Integrated Care Models in Managed Behavioral Healthcare Organizations

The Association for Behavioral Health and Wellness (ABHW) represents specialty behavioral health and wellness companies that provide services to treat mental health, substance use, and other behaviors that impact health. ABHW members have long histories with integrating behavioral health care and a lot can be learned from their experience. Whether carve-out entities or health plans with their own internal specialty organization for behavioral healthcare, managed behavioral healthcare organizations (MBHOs) are experts in blending services to meet the needs of individuals with complex behavioral health conditions.

Integrated care produces better outcomes and provides better care to individuals with multiple health care needs. ABHW member companies employ a variety of models to clinically align behavioral health and primary care for individuals receiving care in their networks.

Training for Primary Care Practitioners on Identification and Treatment of Behavioral Health Conditions and Screening for Behavioral Health Conditions in Primary Care Settings: Training and consultation from behavioral health providers and MBHOs can assist primary care practitioners (PCPs) in improving their identification of behavioral health concerns and conditions. Behavioral health specialists can assist primary care practices in initiating Screening, Brief Intervention, and Referral to Treatment (SBIRT) and develop systems for warm handoffs for patients who require substance use disorder (SUD) treatment. In Colorado, Beacon Health Options provides training on depression screening to primary care practices; and in Maryland, they will train PCPs on SBIRT, alcohol screening for pregnant women, and suicide risk assessment.

Since there are patients with mental health and/or substance use disorders (MH/SUD) who prefer to remain in medical settings for treatment, partnerships with PCPs are critical to improving health outcomes. Beacon Health Options’ Psychotropic Drug Intervention Program uses aggregate data and scaled clinical insight to promote integration of care at the provider level. Analyzing integrated behavioral health, medical, and pharmacy claims data, this MBHO identifies target events and intervenes with members and prescribers to educate them on best practices and changes to pharmacological treatment. Evidence-based practices drive the algorithms in the technology platform that identifies prescription-related problems. Peer-to-peer consultation staffed by psychiatrists utilizes the best available clinical guidelines to coach physicians on practice improvement while health coaches educate members and provide care coordination. As a result of this program, hospital admissions and emergency room visits decreased by 30% and inpatient spending was reduced by $90 PMPM.
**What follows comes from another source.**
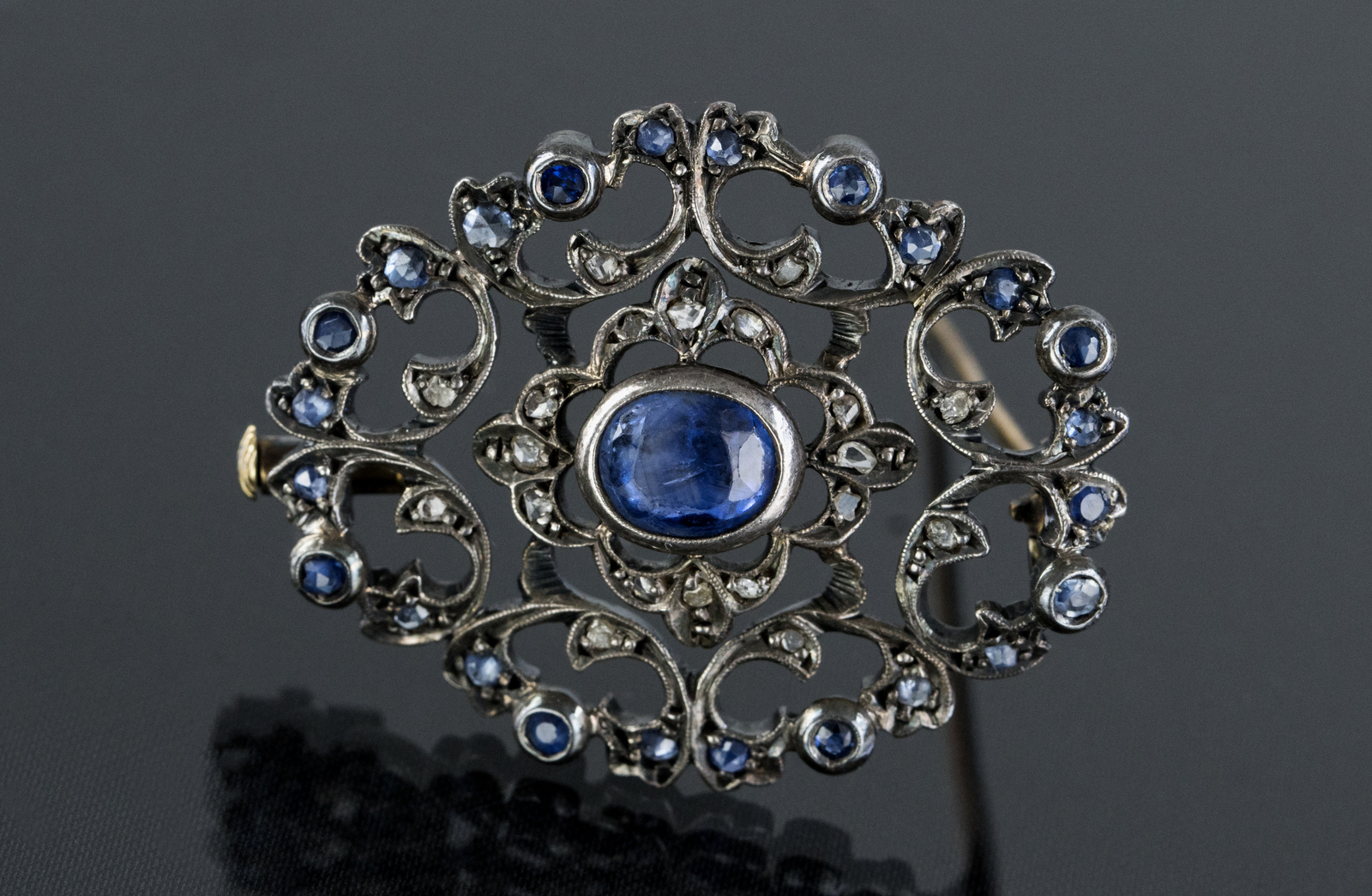 Lotto 51 | [Nessun Autore] Spilla in oro e argento con zaffiri gr 7.68. -. .

Providing Consultation Services to Primary Care Practitioners: Primary care practices and the patients they serve benefit from consultation and connection with behavioral health providers, as demonstrated in various psychiatric liaison and consultation programs that support pediatricians in identifying children with MH/SUD needs and in collaborating with psychiatrists on their treatment. The long-standing Massachusetts Child Psychiatry Access Project encourages and supports PCPs integrating behavioral health resources into their practices and provides quick access to psychiatric consultation and facilitates referrals for accessing ongoing behavioral health care. The project has been so effective that it is now available in 22 states.

Co-Locating Behavioral Health and Primary Care Services and Creating Strategies for Increasing Patients’ Health Literacy and Activation: The co-location model of coordinated care involves behavioral health specialists providing services at a primary care site or PCPs working in behavioral health settings. Co-location increases communication across practitioners and significantly increases the likelihood of referrals from primary care to behavioral health. Since two-thirds of PCPs report that they are not able to access behavioral health treatment for their patients [i], and 30 to 50% of referrals from primary care to behavioral health do not make the first appointment [ii], co-location can open access substantially.

Healthfirst is contracting with a pediatric primary care practice that includes behavioral health clinicians. The behavioral health clinicians can be accessed in several ways: calling to make an appointment; scheduling an appointment prior to exiting the site, as a recommended follow-up to a PCP visit; meeting immediately following a PCP visit; visiting simultaneously with a behavioral health clinician and a PCP within the exam room, in more urgent cases. The full integration of the behavioral health clinicians under one practice, which is an enhanced co-location, means full-service needs can be met and the practice has the ease of single claims submission.

Cenpatico has supported the development of integrated services in several of its core behavioral health agencies in Arizona. These integrated clinics are housed in behavioral health agencies, allowing persons with severe mental illness to access physical health care in the settings where they are already comfortable. Cenpatico’s support has included successful advocacy at the state level to change statutes/regulations that were barriers to embedding physical health services within behavioral health agencies, technical assistance to access physical health funding streams managed by other payers, and seed funding for exercise equipment, community gardens, and green space.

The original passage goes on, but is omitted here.